Once an Asgard instance is running behind an ELB, we no longer need the standalone version running on the jumphost. Ctrl-C out of the java -jar ... process running in your terminal.

Troubleshooting

If you want to SSH to the instance, visit the application's Security Group in the Console. Then add a rule on the Incoming tab. Specifically you want to select "ssh" from Anywhere to the Asgard security group in the console. Then you can run ssh -i zerotocloud.pem ubuntu@. The "DNS Name" is at the top of the instance page.

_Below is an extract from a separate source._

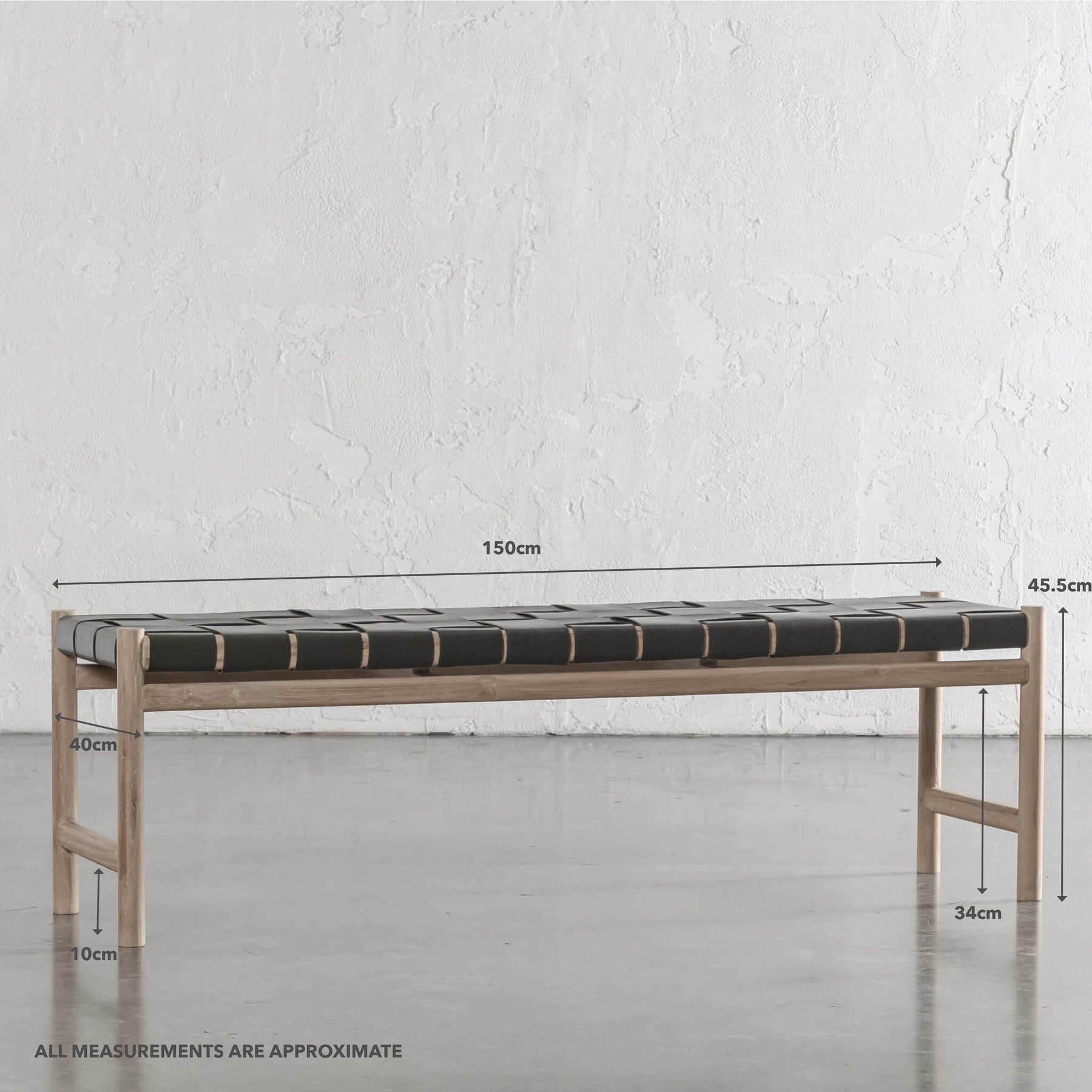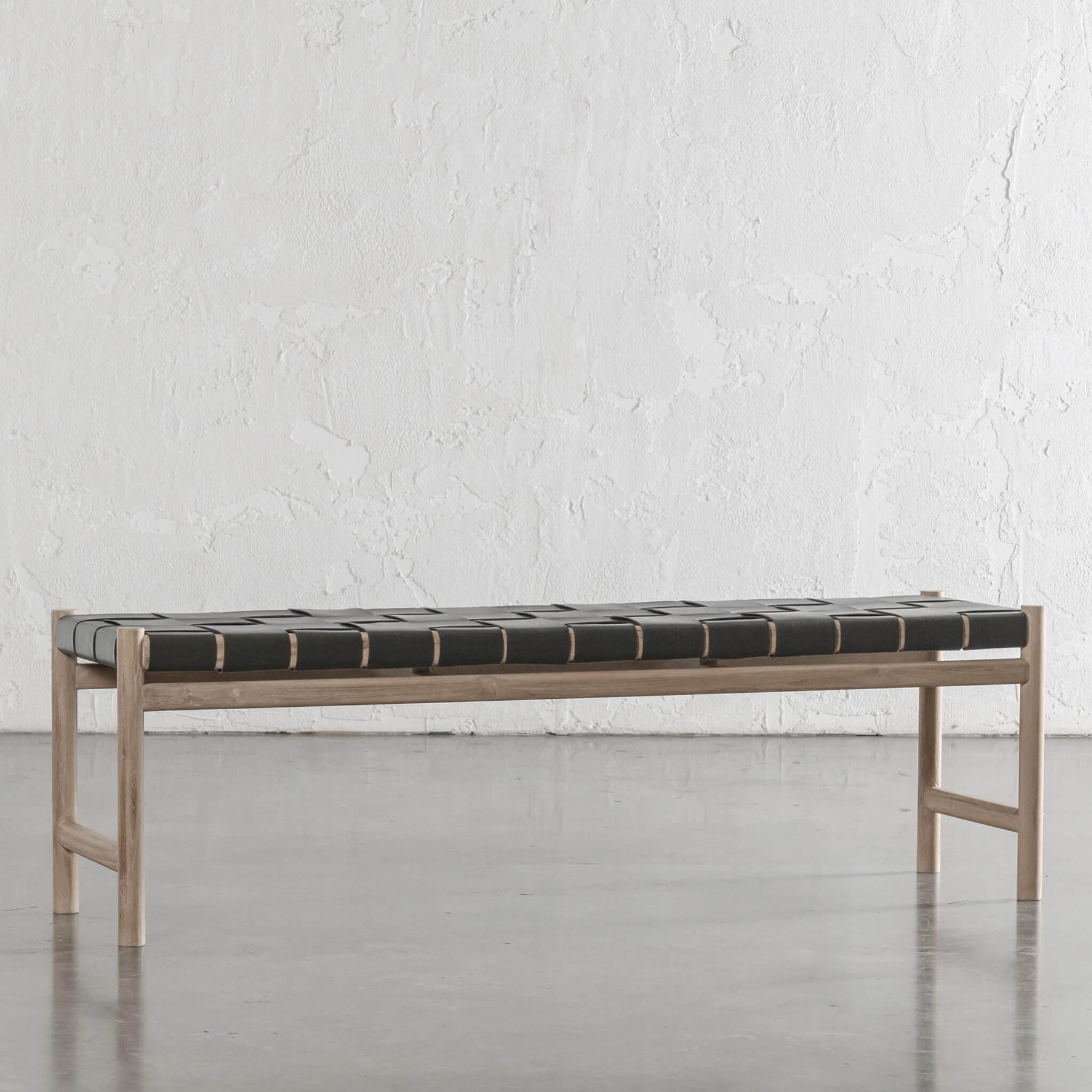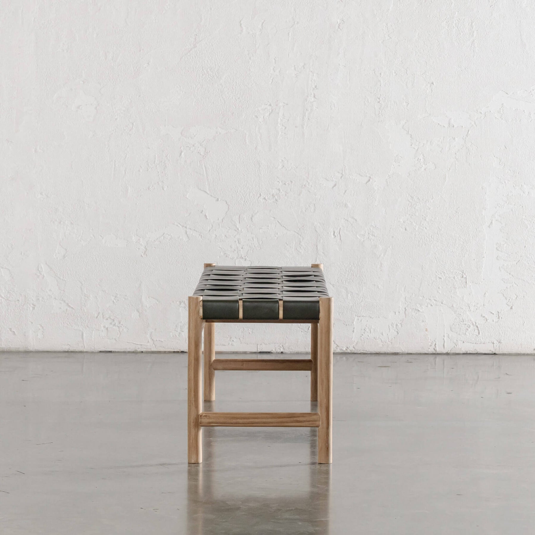 MONTERO WOVEN LEATHER BENCH | OLIVE LEATHER HIDE
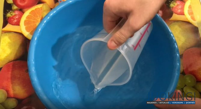 2. Į vandenį įpilkite 1,5 dangtelio audinių minkštiklio.

If the instance never comes up, it could be for a myriad of reasons. The most likely is that the AMI was sufficient to start the application, and hence it's not passing it's heathcheck. You can use the suggestion above to ssh to the instance to see what it's state is. The other common occurance is that the networking isn't right. Security Groups are very powerful, but they can be easy to get wrong and hard to diagnose. Ensure the instance is healthy, then review your Security Group settings.

AWS CLI

If we had to do this with the aws cli, it would look like this:

aws ec2 create-security-group --group-name asgard-sg
aws ec2 authorize-security-group-ingress --group-id sg-123456 --protocol tcp --port 22 --cidr 0.0.0.0/0
aws elb create-load-balancer --load-balancer-name asgard-lb --listeners Protocol=string,LoadBalancerPort=80,InstanceProtocol=http,InstancePort=7001
aws autoscaling create-launch-configuration --launch-configuration-name asgard-lc --image-id ami-XXX --key-name zerotocloud --security-groups asgard-sg --instance-type m3.medium --iam-instance-profile jumphost
aws autoscaling create-auto-scaling-group --auto-scaling-group-name asgard-v000 --launch-configuration-name asgard-lc --min-size 1 --max-size 1 --desired-capacity 1 --availability-zones us-west-2b --load-balancer-names asgard-lb --tags ResourceId=string,ResourceType=string,Key=string,Value=string,PropagateAtLaunch=boolean

You'll notice that the output of one line become the input for the next one. For example the security group created in the first line is used in the second line. Since this is a unique name, it is very error prone.